Grand Canyon of the Tuolumne River

June 10, 2014 

Once again I'll be driving through Yosemite National Park to Tioga Pass Road to arrive at the Lambert Dome Trailhead. This hiking adventure will follow the Tuolumne River as it maneuvers through the canyons, descending to Water Wheel Falls.

This 18 mile round trip should show Clem Bingham, Fred Cochran and I some of the most magnificent falls in Yosemite National Park. Even though the west side of the Sierra Mountain Range has a minimal snow pack this season, the east side still displays its blanket of white above 10,000 feet. Cathedral Peak and Echo Peak offer a beautiful white back drop above the blue reflection of the Tuolumne River.

From the parking area we'll hike a one lane dirt road roughly one quarter of a mile until the Parsons Lodge Cabin comes into view. Our trailhead is located on the right just before this stone structure. We'll follow this almost flat trail to the Young Lakes Junction, but continue toward Delaney and Dingley Creeks. We found a log to cross on Delaney Creek and with Dingley we managed to cross without removing our boots.

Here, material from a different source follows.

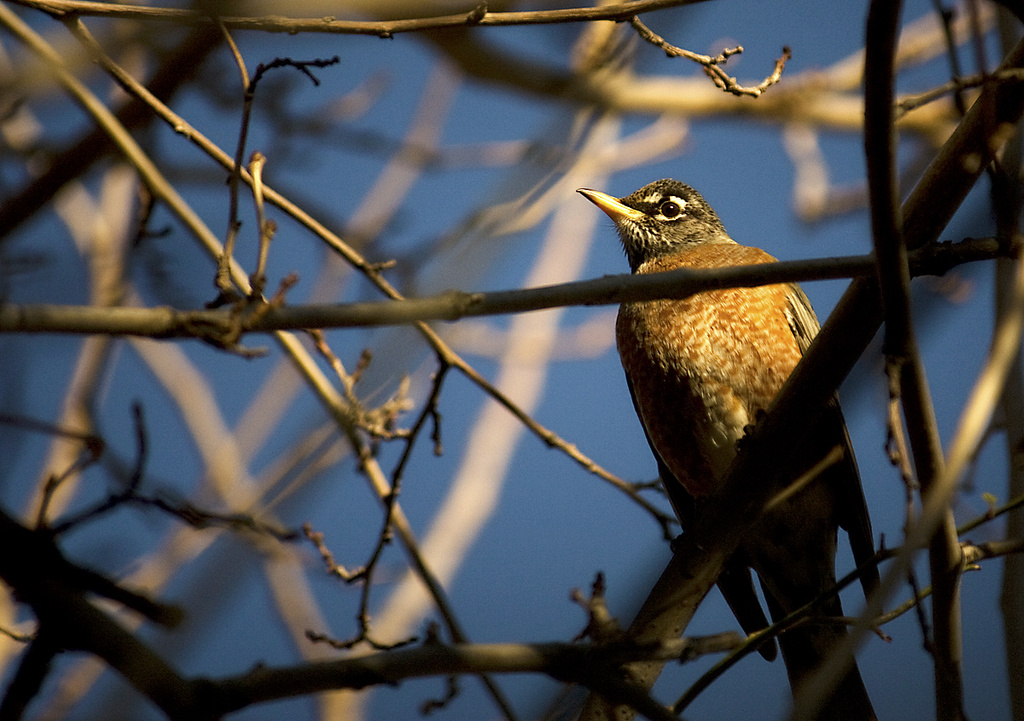 Today I took dozens of photos of uncooperative robins doing all sorts of interesting things just out of range of my lens, or behind dense foliage. I did get a couple of relatively clear shots, but wasn’t completely happy with them. Meanwhile, this dove was sitting up on the wire the whole time watching my attempts. Maybe he’s not as glamorous as a robin, but he does know how to sit still for a photo.

Next our trail crosses the Tuolumne River assisted by twin wooden bridges. From this point we'll start our descent of 940 feet into one of the deepest gorges in Yosemite National Park.

Tuolumne Falls will be the first of five major falls on this trek. It is displaying roughly 70 feet of white water cascading to the rocks and pool below. Another 150 feet of elevation drop on this switch back trail to White Cascade Falls. Its height of 50 plus feet of raging water will lead us to the separate bridges that boarder the Glen Aulin High Sierra Camp.

The camp was still closed for the season, so we had a choice of campsites for our base camp. Today we dropped 740 feet in elevation and hiked 5.9 miles.

The following morning we started our hike descending 3.3 miles to the Water Wheel Falls. Within the next 10 minutes we dropped to the tree covered Glen Aulin dry camp which was to be our base camp if the Sierra Camp was not available.

Descending another 200 feet we arrived at Mattie Creek. Mattie Lake which feeds this stream is hidden from view above the mountain face to the north. This ribbon of water cascading a few hundred feet down the mountain's face has created a delta which flooded our trail for the next 200 plus yards. Following this underwater trail was quite easy even with the water depth varying between ankle and knee-deep. The sections cut from the trees that have fallen across the trail previously helped create our visual pathway.

Once through the delta and now following a dry trail, I heard another roaring sound of water cascading from an elevated location. Could this be our introduction to California Falls? Looking through the trees reviled another area of ragging white water called California Falls. At this point the Tuolumne River slips down at a 35 degree angle toward LaConte Falls. Another long tapering falls descending over huge boulders than twist and turn until arriving at the longest and steepest falls called Water Wheel Falls at 7,000 feet.

Water Wheel Falls descends over 800 linear feet to create a spectacular circle of water striking a huge boulder before descending to the valley below. My personal comment is — this is an adventure that one must complete and bring your camera. I can now see why John Muir stated this was one of his favorite adventures.

After descending 900 feet today and verifying those remarkable true stores of this exceptional adventure, it is now time to return to base camp. We arrived back at camp around 3:30 that afternoon, which in turn allowed us time to relax and prepare for our finial departure the next morning.

The Glen Aulin High Sierra Camp had set aside three large fire rings for those hikers to share a campfire during the evening. Around 7 p.m. a few of us gathered around one of those rings to share our personal hiking adventures. There were two young ladies from Oakland California, Ansley West and Wenxin Zhang that had completed the same hike down to Water Wheel Falls.

While listening to their comments, behind us concealed in the dark away from the light of our campfire came a loud growl. Immediately flashlights were focused into the direction of that sound that penetrated the darkness. At first in the distance only two eyes were reflecting from our flashlights. Then a silhouette of a large animal appeared moving in our direction. Before I could react, from around the campfire came this blood curling scream. One of the ladies introduced a great defense maneuver. That high pitched sound altered the intruder's intentions and the bear changed directions then disappeared into the darkness of the forest. Needless to say we departed from the campfire and retreated back to our tents. Luckily the bear never returned, but I still slept with one eye open that night.

We departed the following morning, returning by the same trail trekking up stream along the Tuolumne River. We arrived at the parking area around 3 p.m. with memories of another successful adventure in Yosemite National Park.